To just change it, well, you are missing the point that is often on everyone's minds these days:

Conservation. 

I'm neither obsessed nor wanting to push my oil changes to the limit. The reason I did the UOA in the first place is to know what, and I quote you, "reasonable oil change interval" really was. 

To say to simply change it and to spend the money to do so is completely up to you. In the world we lived in years ago, I may have agreed with you, back in the early 1990's. Today I feel that approach to be an irresponsible one, influenced by wild marketing strategies and inaccurate beliefs, behavior and purchasing decisions influenced by them. Marketing is science in the same way politics is, but neither help my vehicles run.

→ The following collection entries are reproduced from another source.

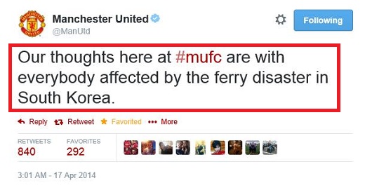 세월호 침몰 사고의 실종자 수색작업이 난항을 겪으며 국민들의 마음을 아프게 하고 있는 가운데, 박지성의 오랜 소속팀으로 한국 축구팬들에게도 익숙한 영국 프리미어리그 ‘맨체스터 유나이티드’ 구단이 공식 트위터 계정을 통해 “우리의 생각은 한국의 세월호 사고와 관련된 모두와 함께 있다”는 메시지를 남겼다.
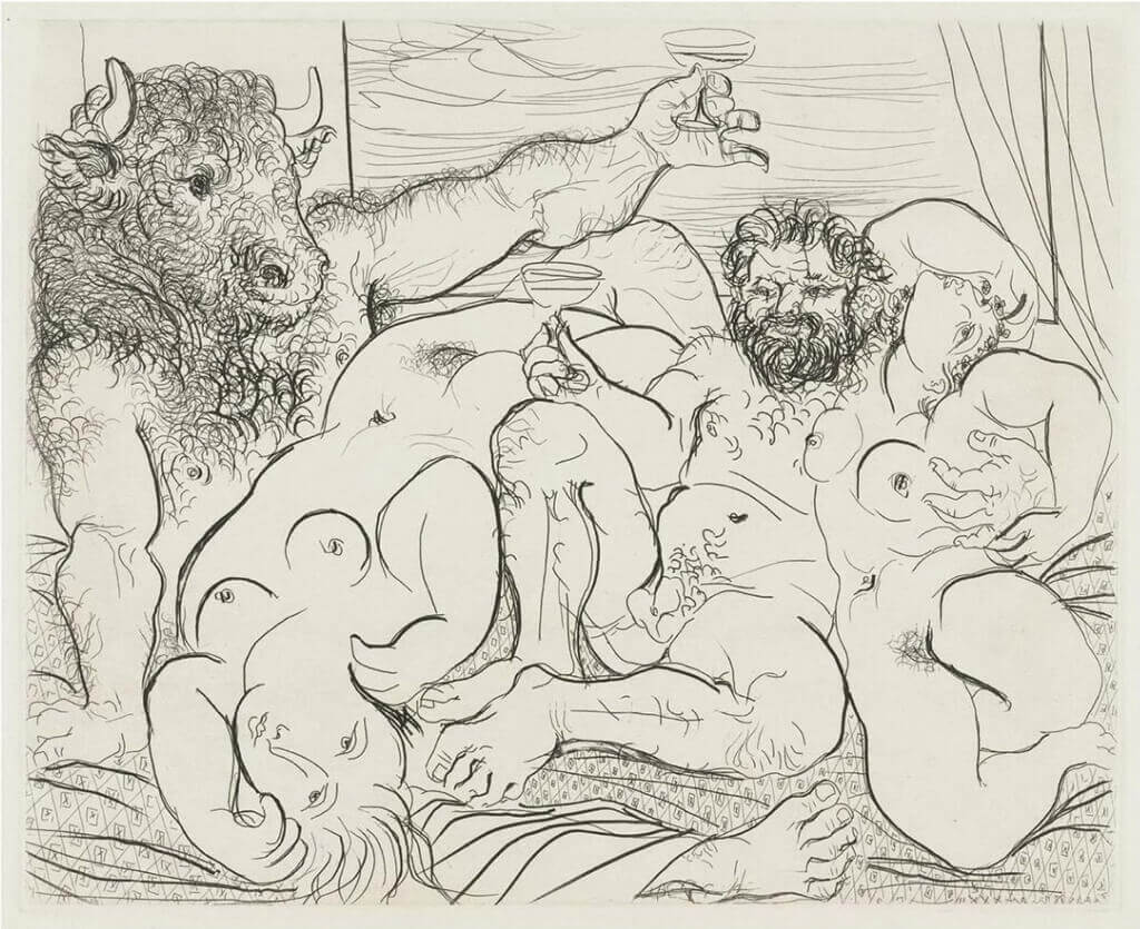 Marie Thérese como vestal contempla al Minotauro dormido, 1933
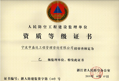 國家人防辦《人防工程監(jiān)理行政許可資質(zhì)管理辦法》(國人防〔2013〕227號)中第八條:人防工程和其他人防防護設(shè)施監(jiān)理許可資質(zhì)單位可以承擔的業(yè)務(wù)范圍:其中,第二款規(guī)定:乙級單位可承擔本行政區(qū)域內(nèi)抗力等級5級及建筑面積2萬平方米以下的人防工程監(jiān)理業(yè)務(wù)。
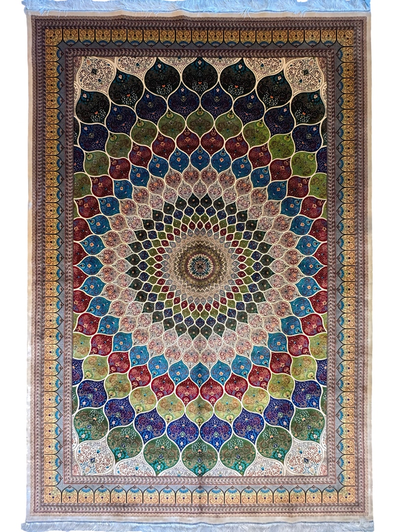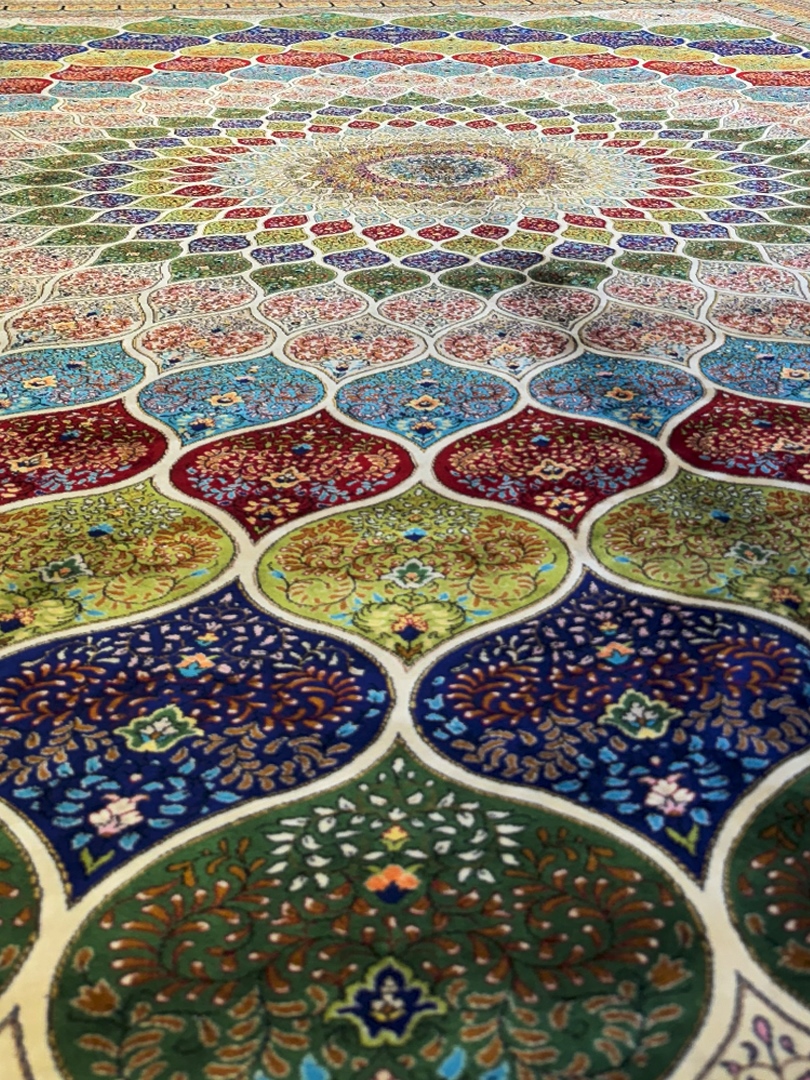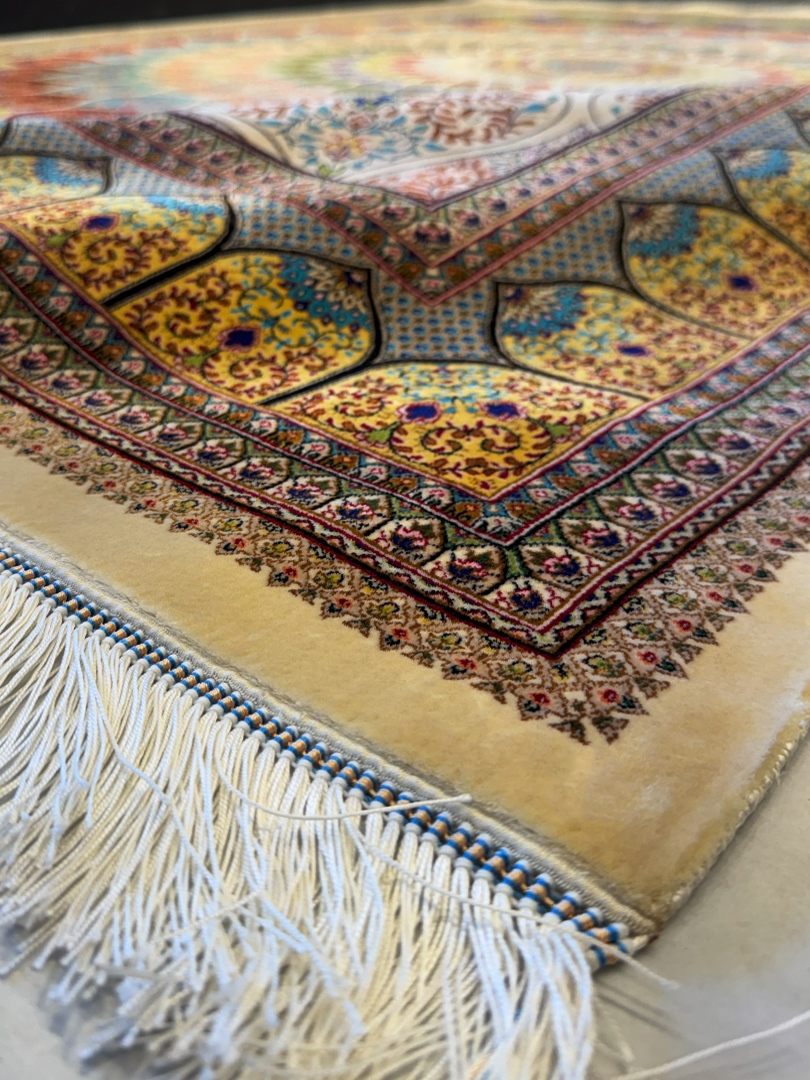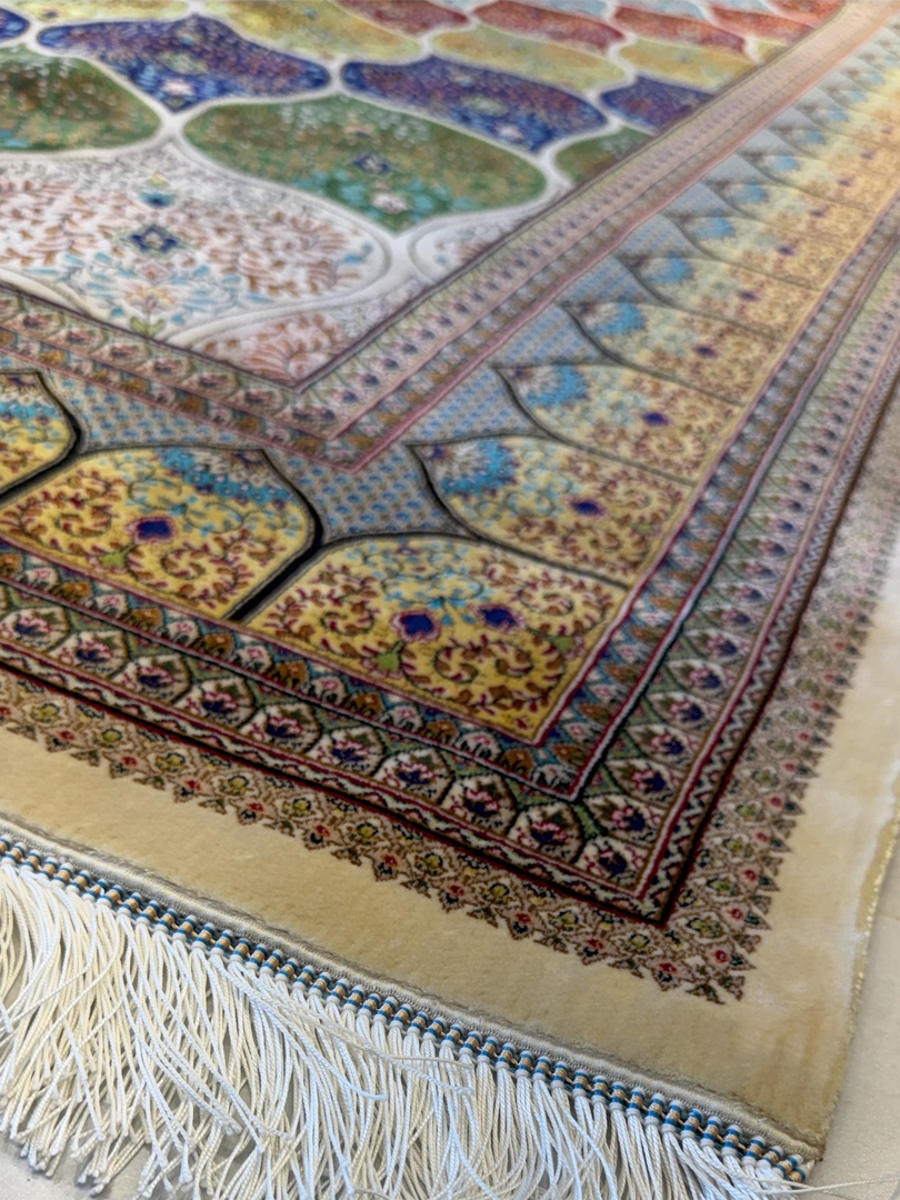 ربات بافت قم 200*300 مستطيل گنبدي 70 رج ابريشم و بنبوسيلک الوان کرم 17 Kg

I do not believe marketing, nor oil companies nor hearsay from a "reputable" source. I wanted facts. Sure, I spent $25 on a little pump to sample oil, and it costs me $25 or so to get the analysis done. In the long run it costs me much less. It takes less than 5 minutes to take a sample, have it labeled, packaged and ready to drop off to UPS. Then I just wait for the magic to show up in my email inbox. Simple, accurate, precise and to the point. Maximum extraction of results for my hard earned money. I don't sample as regularly any more, because my baseline has been established. I'll pull a sample before every other oil change (20k) to check the health of my motor.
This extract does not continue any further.